The cost for any points purchases are already high, plus...I've been saving up for about a year and have 45 points. Honestly, the only reason I was doing it was to get a free shirt to wear at shows and promote the brand. I've been using daddario almost exclusively for 16 years, but I'll be honest, if I get jipped out of this, it'll bug me enough to make me jump ship to Ernieball. That's a fact. 

/rant


----------



## Captain Shoggoth (Mar 8, 2012)

Shit, a bit worried. Been amassing points since May 2009 for the bar stool, not giving up now


----------



## Infamous Impact (Mar 8, 2012)

Damn, I was one restocking of strings away from the stool.


----------



## Thep (Mar 8, 2012)

Thanks for the heads up, I'll cash out with what I can...was saving for the stool too 

EDIT: Their stock really sucks. I don't need any more black shirts!

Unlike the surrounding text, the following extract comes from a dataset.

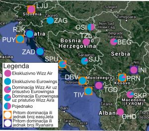 Kao što sam već rekao Wizz Air i Eurowings su za sada podijelili tržište. Wizz Air oslonac ekspanzije ima u Makedoniji, Crnoj Gori, Srbiji i BiH, dok je Eurowings dominantan u Hrvatskoj i Kosovu, a najavljuje ekspanziju na Sloveniju i BiH. No, indikativno je da Wizz Air širi broj letova u Sloveniji i Hrvatskoj, kao i što Eurowings otvara nove linije za BiH i Crnu Goru, a krenuo je i sa letovima za Makedoniju, u kojoj je bila totalna dominacija Wizz Aira. Trenutno na 6 aerodroma lete obije kompanije, a u istom broju kompanije nemaju konkurenciju one druge. Reklo bi se, krenulo je. Kompanije moraju ući u tržišta one druge, a obije su prisiljene na ekspanziju, prvenstveno radi širenja flota, ali i na strateški interes ekspanzije na ovim prostorima.
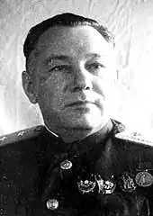 He was promoted to the rank of colonel general on 29 May 1945.[2] After the war, he was appointed deputy commander of the Central Group of Forces in Austria. Since 1949, he was the deputy commander of the Belarusian Military District and in November 1953 of the Carpathian Military District. In 1955–1960, he was Chairman of the Central Committee of the DOSAAF of the Ukrainian SSR.

Even though will still use D'addarios, it gives me a little more intensive to try something new every once and a while.


----------



## ddawson2012 (Mar 9, 2012)

We're working on some new items - both wearables as well as things like the stools and such. I'll let them know there is interest in the stool. They're the perfect height for sitting and playing.


----------



## 70Seven (Mar 9, 2012)

nojyeloot said:


> ^
> Good. Thanks for that info.
> if I get jipped out of this, it'll bug me enough to make me jump ship to Ernieball. That's a fact.
> 
> /rant



Really? You'll switch from D'addario just for that? because you cant get your free stuff! Have you really been playing D'addario for 16 years? Because I have, more than 16 years even and I've tried Ernieball and I find them very inferior to D'addario strings. I got some points collected too and its too bad if I can't get some merchandise but nothing would make me turn away from D'addario simply because I've tried the other guys and allays come back to D'addario.


----------



## nojyeloot (Mar 9, 2012)

70Seven said:


> Really? You'll switch from D'addario just for that? because you cant get your free stuff! Have you really been playing D'addario for 16 years? Because I have, more than 16 years even and I've tried Ernieball and I find them very inferior to D'addario strings. I got some points collected too and its too bad if I can't get some merchandise but nothing would make me turn away from D'addario simply because I've tried the other guys and allays come back to D'addario.



 Allow me to elaborate: 

 It's _quite_ feasible that we could have different tastes in strings... and yes, I've played them for at _least_ 16 years. 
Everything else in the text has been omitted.